There are several relevant differences between the work reported herein using 18F-EF5 and that of investigations from the literature using other hypoxia imaging agents. As indicated in the introduction EF5 is the most lipophilic 2-nitroimidazle currently undergoing human clinical trials as a hypoxia detecting agent. Hydrophilic compounds can have a very short plasma half-life in mice, allowing the ratio between tissue-bound drug and circulating unbound drug to increase. However, drug half life increases substantially in humans, so that even the most hydrophilic markers under current study have drug half-lives in humans that are much longer than the isotope half-life of 18F (Koch et al. 2001). For this reason, development of EF5 has emphasised the likelihood of very uniform biodistribution with minimal drug elimination over the probable scanning times for human studies (Komar et al. 2008). Indeed, our own unpublished data and that from other investigators (e.g., Dr Barbara Kaser-Hotz, Zurich) indicate an extremely flat background in human and large animal PET images. In our ongoing pharmacology studies comparing EF5 and FMISO in rats, the ratio of counts in blood versus several normal tissues is much closer to unity for EF5 (e.g., see Figure 3b for muscle) than FMISO. Unexpectedly, llittle difference has been seen between the biodistribution patterns for the two markers in brain tissue, where one would expect lipophilicity to be most important (data not shown).
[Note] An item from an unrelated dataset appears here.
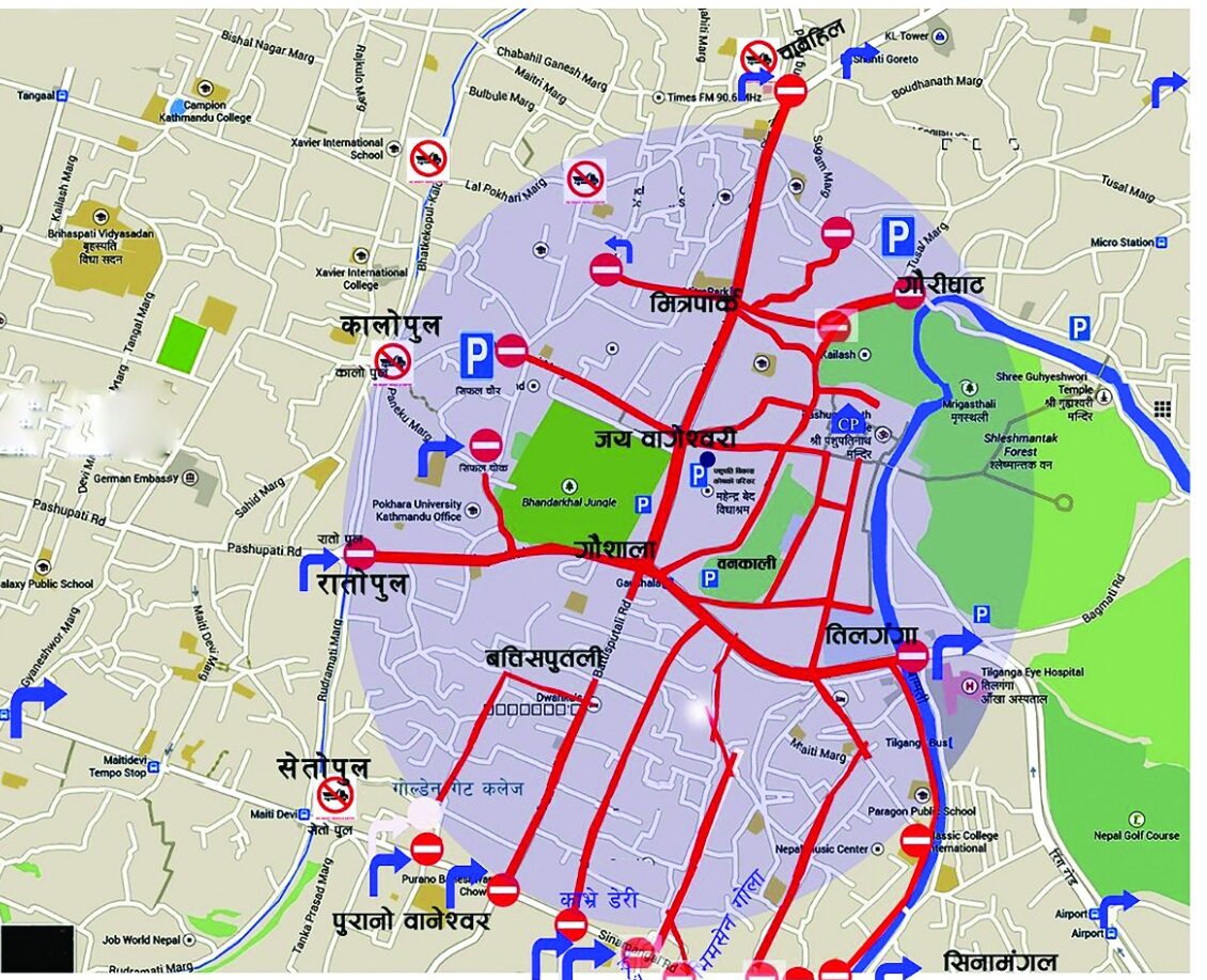 सामान्य अवस्थामा चाबहिल, गौशाला र तिलगंगा क्षेत्रमा सवारी सञ्चालन यथावत रहनेछ। तर भीड अत्यधिक बढेमा आवश्यकतानुसार डाइभर्सन गरी वैकल्पिक मार्गबाट सवारी सञ्चालन गरिनेछ।

This finding is currently under study.

An additional experimental difference between the study reported herein compared to those cited from the literature is that of drug concentration. This variable can greatly impact drug biodistribution, pharmacology and biochemistry but has not previously been studied in the field of non-invasive hypoxia markers (Koch 1990). As explained in the methods section, we purposely used a very low specific activity of 18F-EF5 for the present experiments (i.e., high whole-body drug concentration of ~100 μM) to allow the parallel measurement of EF5 binding via immunohistochemistry. To directly test for the impact of much lower drug concentrations in future experiments would not be compatible with the sensitivity of immunohistochemical detection by flow cytometry. It should be possible to use gamma counts to measure EF5 uptake over a 100-fold reduced concentration (e.g., down to 1 μM) using present techniques, although the amount of radioactivity would then be too low for PET camera imaging. A further concentration reduction of 100 (e.g., down to 10 nM) would be possible using the methods to produce high SA fluorine gas developed by Solin and collaborators (Bergman & Solin 1997).

Conclusion

In summary, the present report demonstrates a highly significant correlation between 18F-EF5 uptake and the radioresistance of cells from individual 9L gliosarcoma tumours. This capability could be caused by inherent properties of this tumour model, advantageous properties of EF5 such as high lipophilicity and biological stability, or the use of relatively high drug concentrations. Our ongoing studies aim to define the relative importance of each of these factors. A survey of the literature suggests that it may be useful to compare different hypoxia markers under otherwise identical experimental conditions.

Acknowledgments

Thanks to Grant RO1-CA87645 and the Departments of Radiation Oncology and Radiology at the University of Pennsylvania for financial support, and to The National Cancer Institute for the supply of unlabelled EF5.

Drug and other acronyms

EF5

[2-(2-nitro-1-H-imidazol-1-yl)-N-(2,2,3,3,3-pentafluoropropyl)-acetamide]

FMISO

1-(2-nitro-1-H-imidazol-1-yl)-3-fluoro-2-propan-2-ol

FETA

[2-(2-nitro-1-H-imidazol-1-yl)-N-(2-fluoroethyl)-acetamide

FETNIM

1-(2-nitro-1-H-imidazol-1-yl)-4-fluoro-butane-2,3-diol

FAZA

1-(5-fluoro-5-deoxy-α-D-arabinofuranosyl)-2-nitroimidazole

IAZGP

1-(6-deoxy-6-iodo-β-D-galactopyranosyl)-2-nitroimidazole

Cu-ATSM

Cu(II)-diacety-bis(N4-methylthiosemicarbaxone

HL-91

99mTc-2,2′-(N,N′(1,4-diaminobutane))bis(2-methyl-3-butanone) dioxime

Footnotes

Declaration of interest: EF5 is patented (inventors include CJK, AVK, WRD) with rights assigned to the University of Pennsylvania. UPENN has a licensing agreement with Varian.